Build AI Search for Your Documentation

This guide shows you how to set up a ready-to-use AI semantic search for your documents and files. Using the sqlite-aisearch-action, you can integrate document processing into your GitHub workflow and set up a chatbot on your site in just a few steps.

The semantic search is powered by SQLite RAG.

Step 1: Set Up Your GitHub Workflow

  1. Get Your Connection String: Ensure you have a project on the SQLite Cloud dashboard. If not, sign up for SQLite AI to create one for free.

  2. Set GitHub Secret: Add your connection string as SQLITECLOUD_CONNECTION_STRING in your repository secrets.

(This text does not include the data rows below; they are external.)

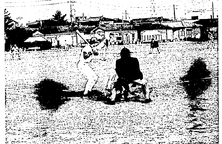
平成10年の予選リーグから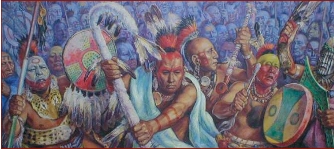
Charles Banks Wilson's Color Lithograph: « Osage Dream ». http://www.janaiae.com/gallerysouthwest/Osage%20Dreams.jpg

Les Osages appartiennent au groupe linguistique des Siouans. Sous la pression des tribus iroquoises, ils émigrèrent dans la région comprenant les Etats de l'Arkansas, du Missouri, du Kansas puis se fixèrent en Oklahoma au cours de la première moitié du XVII e siècle. Ils entament une longue guerre avec les premiers Cherokees qui s'installent en Oklahoma après avoir été expulsés de leurs terres dans l'Est. Le gouvernement américain ne s'était pas trop soucié de savoir si cela plairait ou non aux Osages de devoir céder une partie de leur domaine territorial aux Indiens dont les gouverneurs des Etats du Mississippi, de l'Alabama, de la Géorgie et du Tennessee briguaient les terres, avec la bénédiction du président Andrew Jackson. (Voir sur ce site, notre article Expulsion des Cherokees, Choctaws, Chickasaws et Creeks dans l'Ouest. )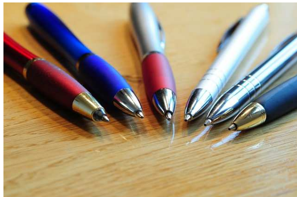
Kugelschreiber sind der beliebteste Werbeartikel.

Seit Jahren liegt der Umsatz von Werbeartikeln auf hohem Niveau. Rund 3,5 Milliarden Euro gaben deutsche Unternehmen 2013 für sie aus. Nur beim Fernsehen läuft es mit über vier Milliarden Euro noch besser. Doch worin liegen die Stärken der Werbeartikel gegenüber TV-, Print- oder Radiowerbung? Lohnt es sich für Unternehmen auf die Produkte zu setzen? Die Antwort ist laut dem aktuellen Werbeartikel Monitor ganz eindeutig: Ja!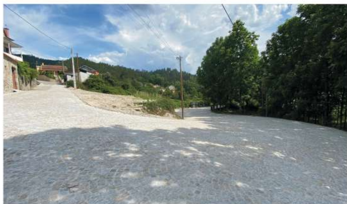
Calçetamento - Adopisco Sul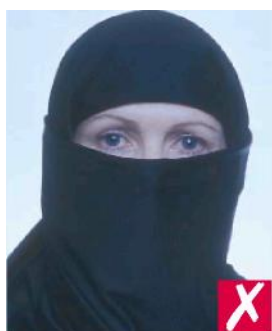
Лицо закрыто платком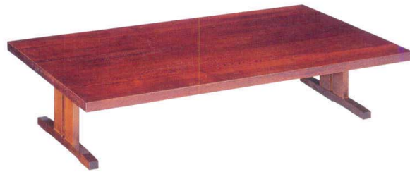
栓 せん ケヤキ色 無垢寄せ木 板型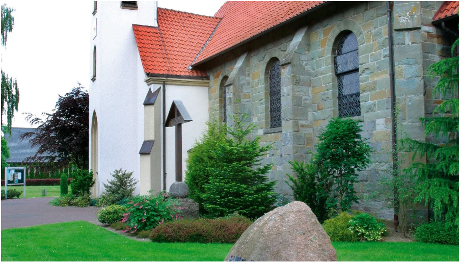
St. Meinolf Schöning - © Bernhard Hoppe-Biermeyer, Ricarda Bade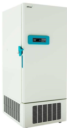
Frío para Laboratorios - Ultracongelación -40°C - Ultra congelación -40°C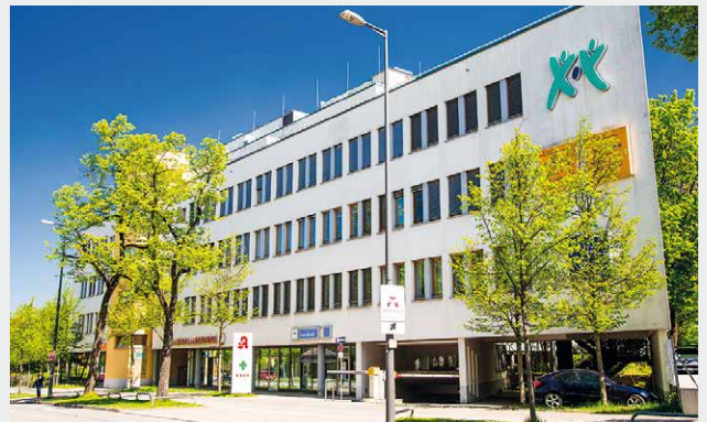
Maison Médicale Pasing, Munich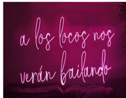
Neón 1,50mtrs x 0,90 cm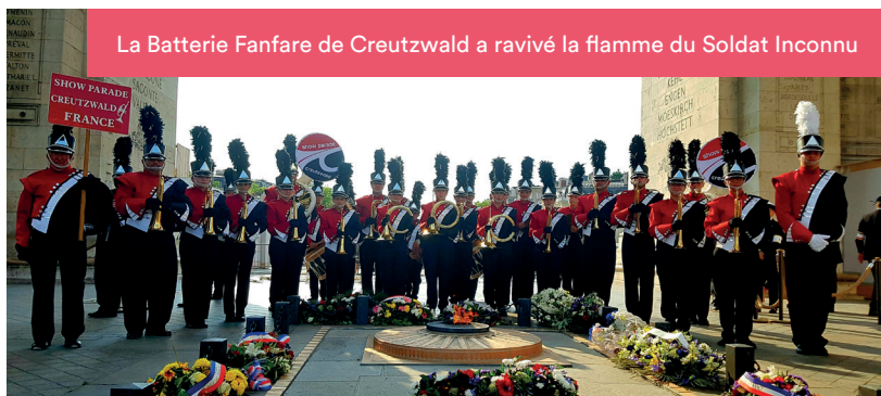
La Batterie Fanfare de Creutzwald a ravivé la flamme du Soldat Inconnu

  3. Add to Workflow: Create or update your GitHub workflow:

name: AI Search Index

on:
  push:
    branches: [main]
  workflow_dispatch:

jobs:
  build-search:
    runs-on: ubuntu-latest
    steps:
      - uses: actions/checkout@v4

      - name: Build AI Search Database
        uses: sqliteai/sqlite-aisearch-action@v1
        with:
          connection_string: ${{ secrets.SQLITECLOUD_CONNECTION_STRING }}
          base_url: https://docs.yoursite.com
          database_name: aidocs_search.db
          source_files: ./path/to/documents

Step 2: Create the Search Edge Function

To enable search functionality on your indexed database, create an Edge Function using the provided template:

  1. Access your dashboard at https://dashboard.sqlitecloud.io
  2. Navigate to the same project where your database was uploaded
  3. Go to the Edge Functions section AISearch Edge Function
  4. Create a new Javascript Function and copy the code from aisearch-docs.js into the editor
  5. Deploy and test
  1. Go to Details in the Edge Function panel and copy the Function URL AISearch Edge Function Details

  2. Execute a GET request with a URL-encoded query as the query parameter

    Example:

    GET https://myproject.cloud/v2/functions/aisearch-docs?query=what%27s+Offsync%3F

Step 3: Integrate the Docs Chatbot in Your Website

Once you have your search edge function deployed, you can easily add an interactive AI chatbot to your website. The chatbot provides a user-friendly interface for your documentation search, powered by the indexed content.

Docs Chatbot

React Integration

Install the chatbot package:

npm install @sqliteai/docs-chatbot

Then add it to your React application:

import { DocsChatbot } from "@sqliteai/docs-chatbot";
import "@sqliteai/docs-chatbot/style.css";

function App() {
  return (
    <DocsChatbot
      searchUrl="https://yourproject.sqlite.cloud/v2/functions/aisearch-docs"
      apiKey="your-api-key"
      title="Help Center"
    />
  );
}

  • Replace the searchUrl with your Function URL from Step 2
  • For the apiKey, you need to use an API key with read permissions on your AI docs database. Learn how to create and manage API keys in the API Key documentation.

Vanilla JavaScript

For non-React applications, use the web component:

<!DOCTYPE html>
<html lang="en">
  <head>
    <meta charset="UTF-8" />
    <meta name="viewport" content="width=device-width, initial-scale=1.0" />
  </head>
  <body>
    <script src="https://unpkg.com/@sqliteai/docs-chatbot/dist/umd/docs-chatbot.min.js"></script>

    <docs-chatbot
      search-url="https://yourproject.sqlite.cloud/v2/functions/aisearch-docs"
      api-key="your-api-key"
      title="Help Center"
    >
    </docs-chatbot>
  </body>
</html>

By default, the chatbot displays as a floating button in the bottom-right corner. For advanced configuration options including custom triggers, theming, and API reference, see the full docs chatbot documentation.